◆ What to produce:
Would you please return the data below verbatim, without its pictures?

◆ Excerpted records:
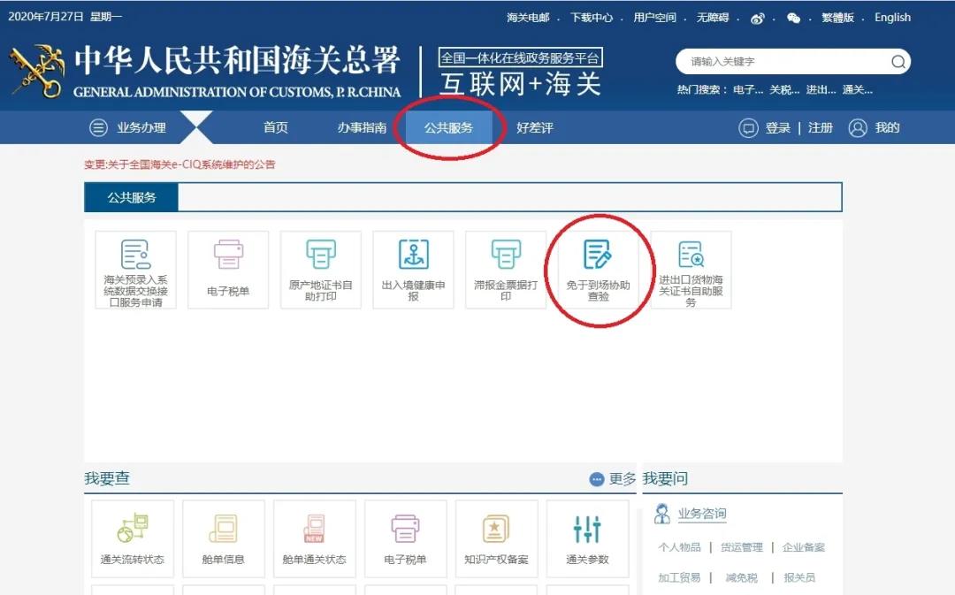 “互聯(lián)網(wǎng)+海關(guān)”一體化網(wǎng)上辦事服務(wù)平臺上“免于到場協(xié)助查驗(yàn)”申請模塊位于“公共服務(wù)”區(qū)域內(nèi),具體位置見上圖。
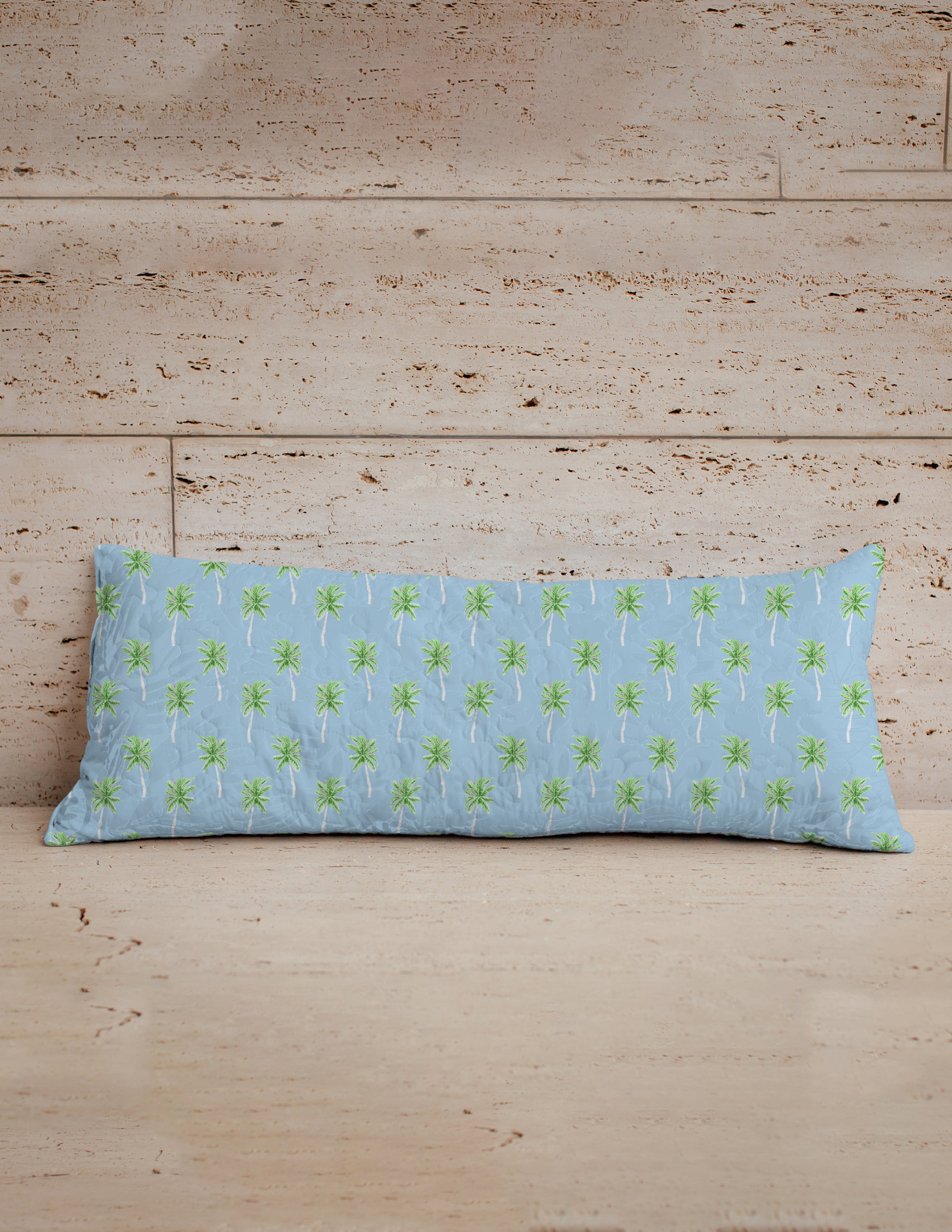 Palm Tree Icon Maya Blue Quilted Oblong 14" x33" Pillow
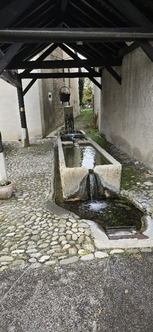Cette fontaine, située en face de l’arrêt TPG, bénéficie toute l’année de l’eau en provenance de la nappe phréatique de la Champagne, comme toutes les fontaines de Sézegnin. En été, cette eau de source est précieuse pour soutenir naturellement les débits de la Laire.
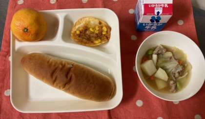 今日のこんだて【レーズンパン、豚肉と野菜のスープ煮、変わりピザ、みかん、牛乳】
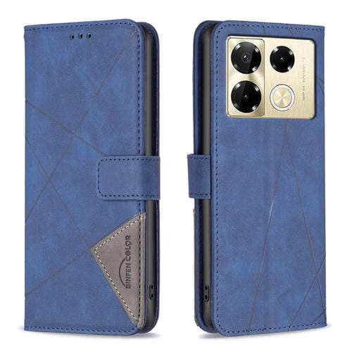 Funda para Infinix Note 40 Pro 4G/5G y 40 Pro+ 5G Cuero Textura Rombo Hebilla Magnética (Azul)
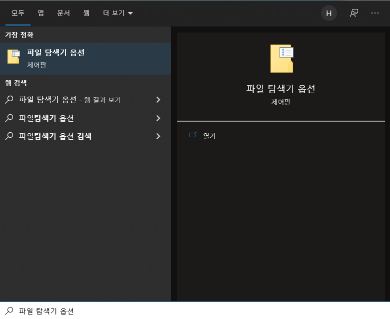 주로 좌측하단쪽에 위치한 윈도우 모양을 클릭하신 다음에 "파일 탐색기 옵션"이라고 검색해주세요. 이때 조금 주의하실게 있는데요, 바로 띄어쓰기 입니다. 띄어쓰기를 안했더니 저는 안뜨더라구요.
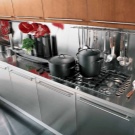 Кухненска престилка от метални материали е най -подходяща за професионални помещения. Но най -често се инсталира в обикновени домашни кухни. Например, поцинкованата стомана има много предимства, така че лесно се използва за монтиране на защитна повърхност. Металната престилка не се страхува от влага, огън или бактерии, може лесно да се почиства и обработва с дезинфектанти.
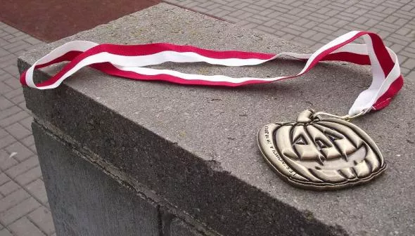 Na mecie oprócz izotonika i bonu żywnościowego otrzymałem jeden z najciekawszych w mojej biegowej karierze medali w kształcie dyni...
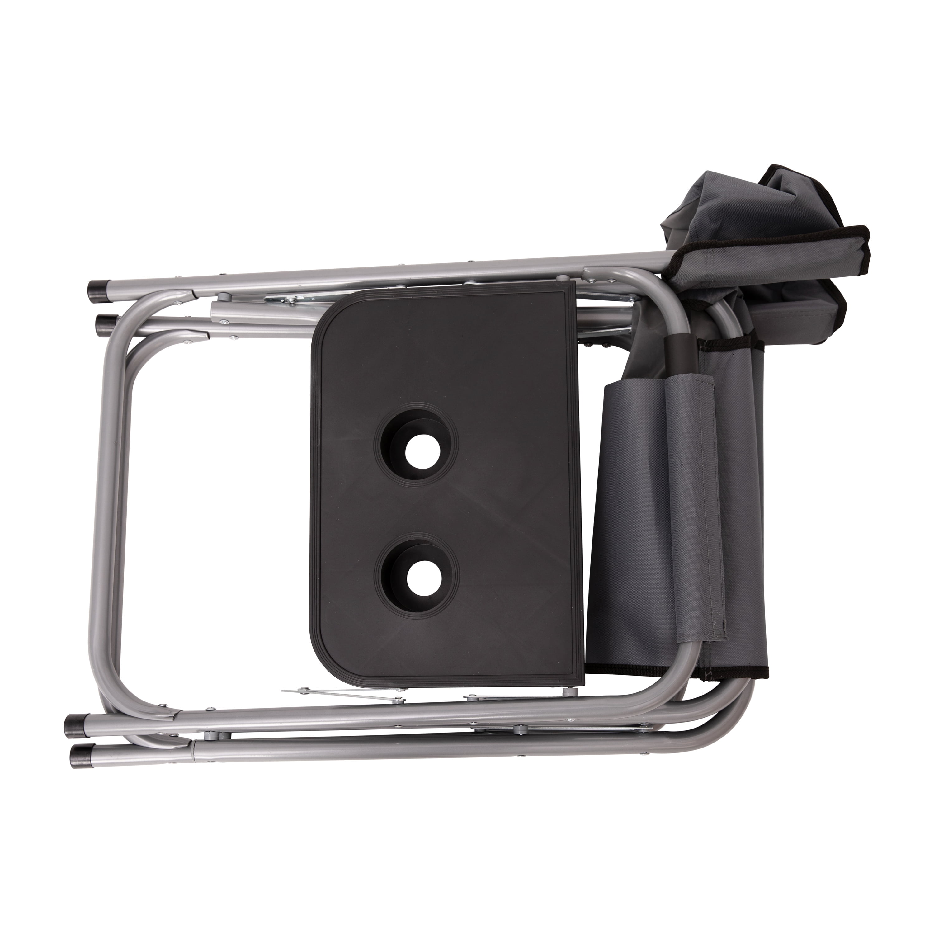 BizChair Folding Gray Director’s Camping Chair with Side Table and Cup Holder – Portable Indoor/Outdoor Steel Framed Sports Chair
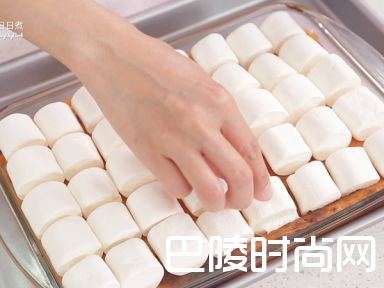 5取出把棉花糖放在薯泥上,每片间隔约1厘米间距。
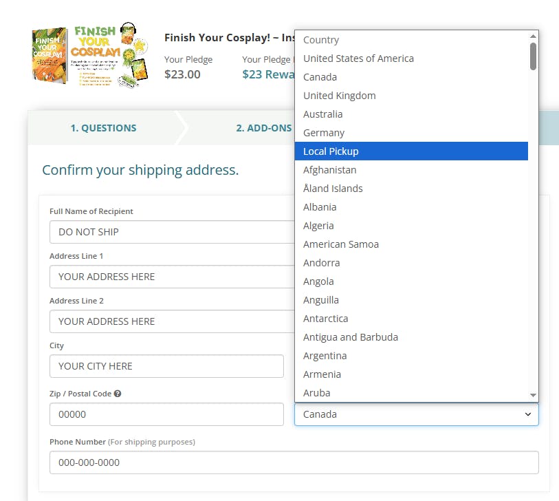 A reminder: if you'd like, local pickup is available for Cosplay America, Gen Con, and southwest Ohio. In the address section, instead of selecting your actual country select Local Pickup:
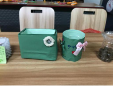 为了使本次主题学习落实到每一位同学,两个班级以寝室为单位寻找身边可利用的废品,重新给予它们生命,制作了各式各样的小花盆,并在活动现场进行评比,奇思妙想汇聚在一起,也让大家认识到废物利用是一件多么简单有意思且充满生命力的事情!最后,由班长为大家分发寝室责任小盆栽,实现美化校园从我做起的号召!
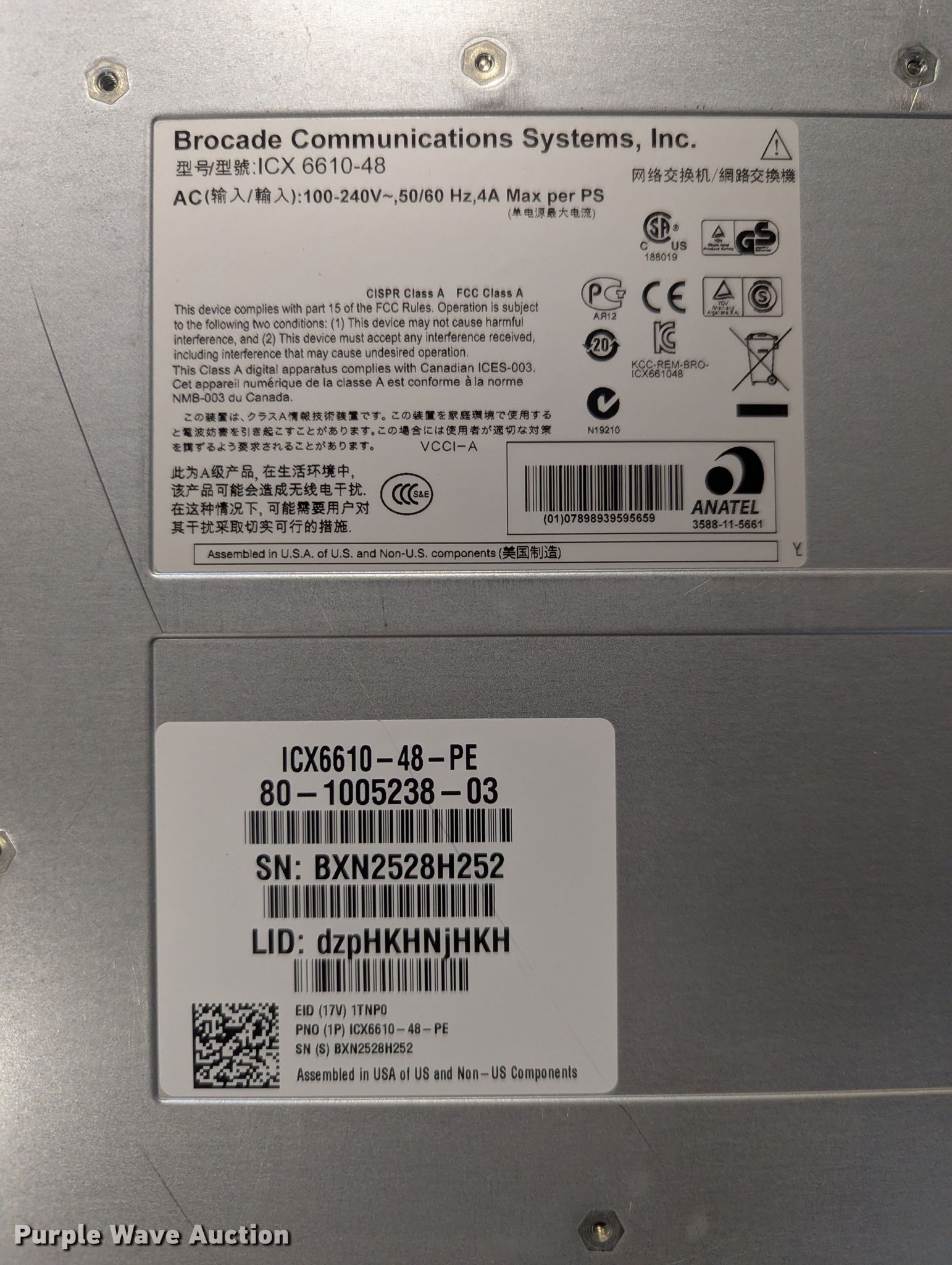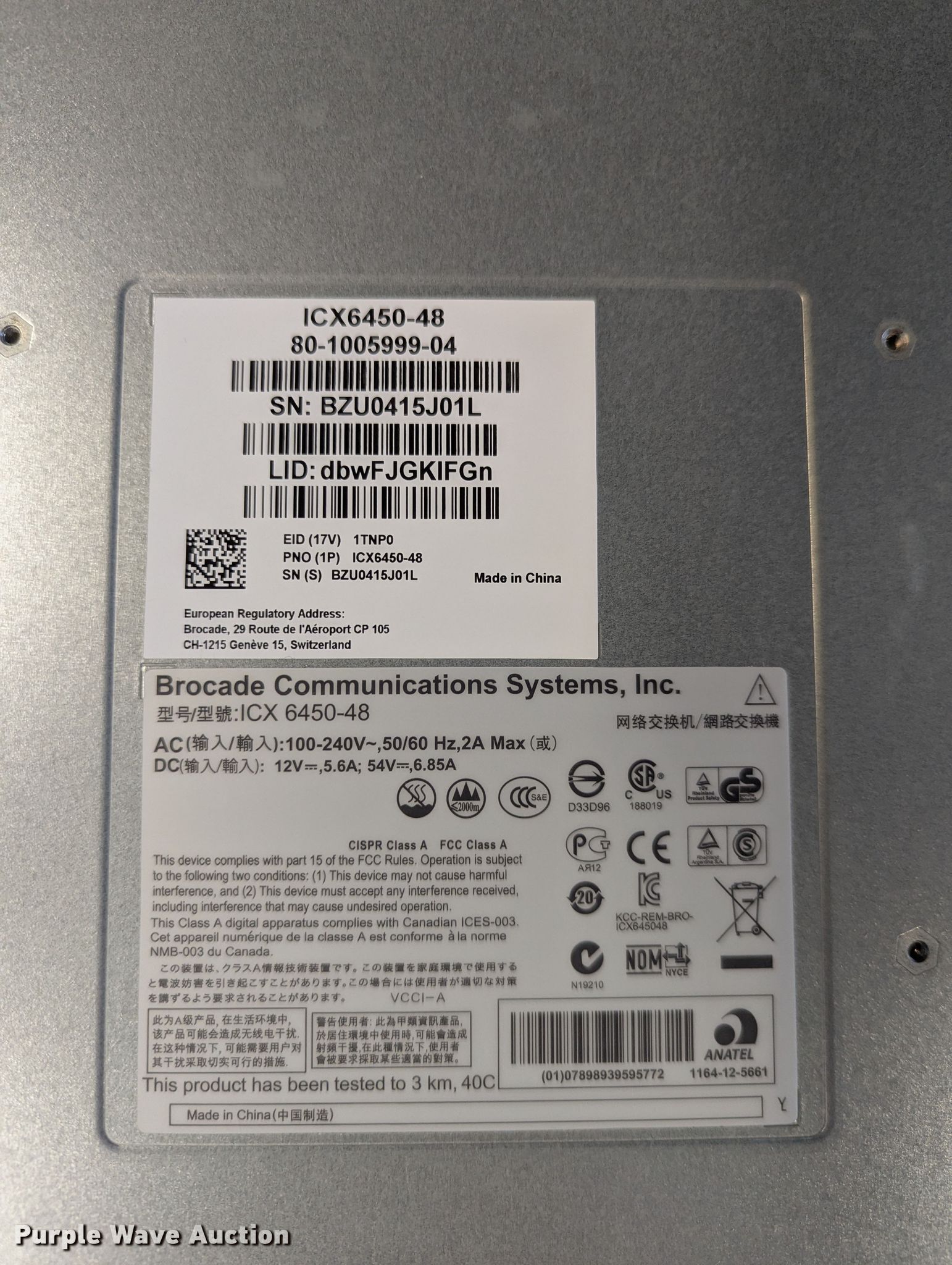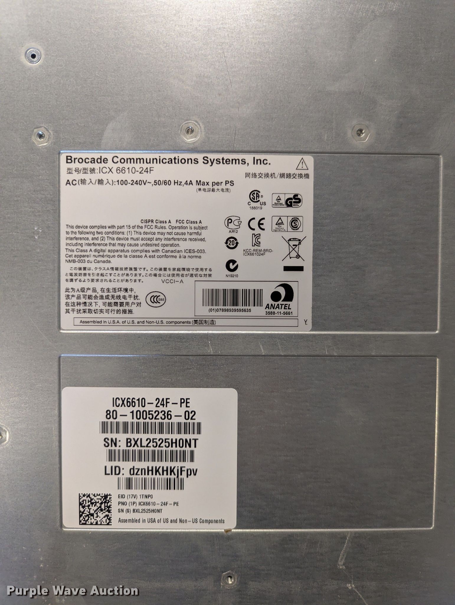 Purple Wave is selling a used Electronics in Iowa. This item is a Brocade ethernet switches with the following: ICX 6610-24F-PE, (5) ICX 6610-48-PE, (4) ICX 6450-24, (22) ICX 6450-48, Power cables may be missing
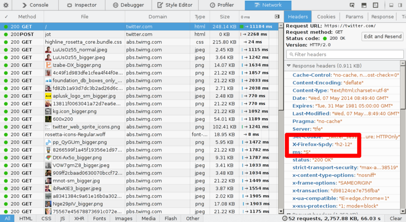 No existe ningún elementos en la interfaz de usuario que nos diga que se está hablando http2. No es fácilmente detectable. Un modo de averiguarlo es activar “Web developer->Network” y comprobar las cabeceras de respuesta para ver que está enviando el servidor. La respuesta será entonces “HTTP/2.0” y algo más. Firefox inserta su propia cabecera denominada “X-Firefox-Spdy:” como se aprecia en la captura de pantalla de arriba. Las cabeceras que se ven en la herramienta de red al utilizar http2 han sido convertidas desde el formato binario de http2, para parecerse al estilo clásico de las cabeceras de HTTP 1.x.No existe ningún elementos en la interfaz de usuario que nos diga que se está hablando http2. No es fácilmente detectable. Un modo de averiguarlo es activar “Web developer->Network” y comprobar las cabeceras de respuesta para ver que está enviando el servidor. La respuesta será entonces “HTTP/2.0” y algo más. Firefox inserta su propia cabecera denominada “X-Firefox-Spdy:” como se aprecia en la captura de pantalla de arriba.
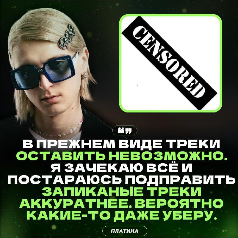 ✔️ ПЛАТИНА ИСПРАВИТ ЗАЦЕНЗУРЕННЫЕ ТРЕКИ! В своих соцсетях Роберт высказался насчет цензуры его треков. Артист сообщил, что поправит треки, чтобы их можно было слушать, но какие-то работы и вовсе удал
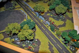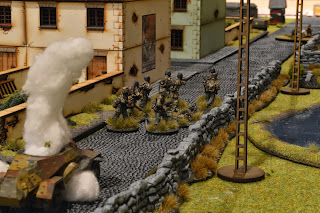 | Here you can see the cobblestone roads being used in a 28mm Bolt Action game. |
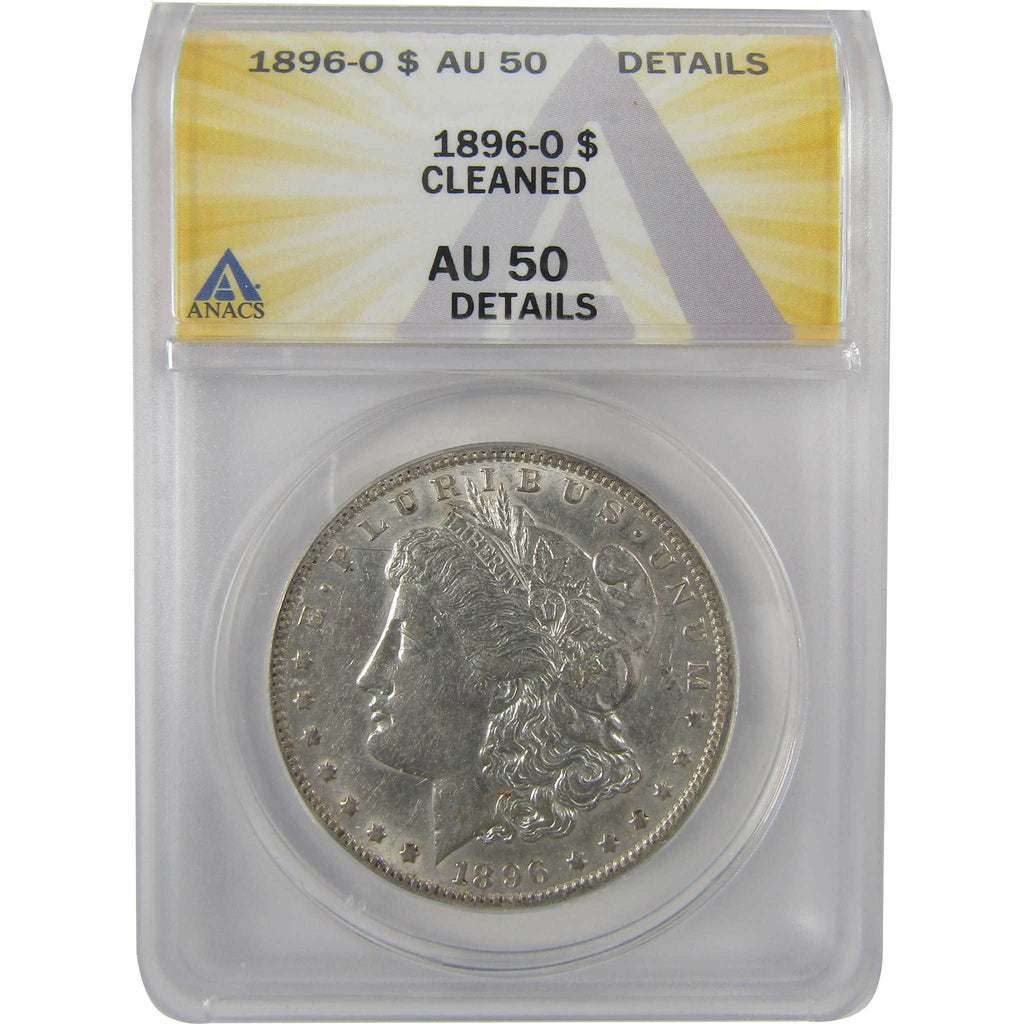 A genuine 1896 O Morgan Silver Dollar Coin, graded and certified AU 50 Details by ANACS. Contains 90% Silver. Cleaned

◆ Written answer:
 “互聯(lián)網(wǎng)+海關(guān)”一體化網(wǎng)上辦事服務(wù)平臺上“免于到場協(xié)助查驗(yàn)”申請模塊位于“公共服務(wù)”區(qū)域內(nèi),具體位置見上圖。
 Palm Tree Icon Maya Blue Quilted Oblong 14" x33" Pillow
Cette fontaine, située en face de l’arrêt TPG, bénéficie toute l’année de l’eau en provenance de la nappe phréatique de la Champagne, comme toutes les fontaines de Sézegnin. En été, cette eau de source est précieuse pour soutenir naturellement les débits de la Laire.
 今日のこんだて【レーズンパン、豚肉と野菜のスープ煮、変わりピザ、みかん、牛乳】
 Funda para Infinix Note 40 Pro 4G/5G y 40 Pro+ 5G Cuero Textura Rombo Hebilla Magnética (Azul)
 주로 좌측하단쪽에 위치한 윈도우 모양을 클릭하신 다음에 "파일 탐색기 옵션"이라고 검색해주세요. 이때 조금 주의하실게 있는데요, 바로 띄어쓰기 입니다. 띄어쓰기를 안했더니 저는 안뜨더라구요.
 Кухненска престилка от метални материали е най -подходяща за професионални помещения. Но най -често се инсталира в обикновени домашни кухни. Например, поцинкованата стомана има много предимства, така че лесно се използва за монтиране на защитна повърхност. Металната престилка не се страхува от влага, огън или бактерии, може лесно да се почиства и обработва с дезинфектанти.
 Na mecie oprócz izotonika i bonu żywnościowego otrzymałem jeden z najciekawszych w mojej biegowej karierze medali w kształcie dyni...
 BizChair Folding Gray Director’s Camping Chair with Side Table and Cup Holder – Portable Indoor/Outdoor Steel Framed Sports Chair
 5取出把棉花糖放在薯泥上,每片间隔约1厘米间距。
 A reminder: if you'd like, local pickup is available for Cosplay America, Gen Con, and southwest Ohio. In the address section, instead of selecting your actual country select Local Pickup:
 为了使本次主题学习落实到每一位同学,两个班级以寝室为单位寻找身边可利用的废品,重新给予它们生命,制作了各式各样的小花盆,并在活动现场进行评比,奇思妙想汇聚在一起,也让大家认识到废物利用是一件多么简单有意思且充满生命力的事情!最后,由班长为大家分发寝室责任小盆栽,实现美化校园从我做起的号召!
 Purple Wave is selling a used Electronics in Iowa. This item is a Brocade ethernet switches with the following: ICX 6610-24F-PE, (5) ICX 6610-48-PE, (4) ICX 6450-24, (22) ICX 6450-48, Power cables may be missing
 No existe ningún elementos en la interfaz de usuario que nos diga que se está hablando http2. No es fácilmente detectable. Un modo de averiguarlo es activar “Web developer->Network” y comprobar las cabeceras de respuesta para ver que está enviando el servidor. La respuesta será entonces “HTTP/2.0” y algo más. Firefox inserta su propia cabecera denominada “X-Firefox-Spdy:” como se aprecia en la captura de pantalla de arriba. Las cabeceras que se ven en la herramienta de red al utilizar http2 han sido convertidas desde el formato binario de http2, para parecerse al estilo clásico de las cabeceras de HTTP 1.x.No existe ningún elementos en la interfaz de usuario que nos diga que se está hablando http2. No es fácilmente detectable. Un modo de averiguarlo es activar “Web developer->Network” y comprobar las cabeceras de respuesta para ver que está enviando el servidor. La respuesta será entonces “HTTP/2.0” y algo más. Firefox inserta su propia cabecera denominada “X-Firefox-Spdy:” como se aprecia en la captura de pantalla de arriba.
 ✔️ ПЛАТИНА ИСПРАВИТ ЗАЦЕНЗУРЕННЫЕ ТРЕКИ! В своих соцсетях Роберт высказался насчет цензуры его треков. Артист сообщил, что поправит треки, чтобы их можно было слушать, но какие-то работы и вовсе удал
 | Here you can see the cobblestone roads being used in a 28mm Bolt Action game. |
 A genuine 1896 O Morgan Silver Dollar Coin, graded and certified AU 50 Details by ANACS. Contains 90% Silver. Cleaned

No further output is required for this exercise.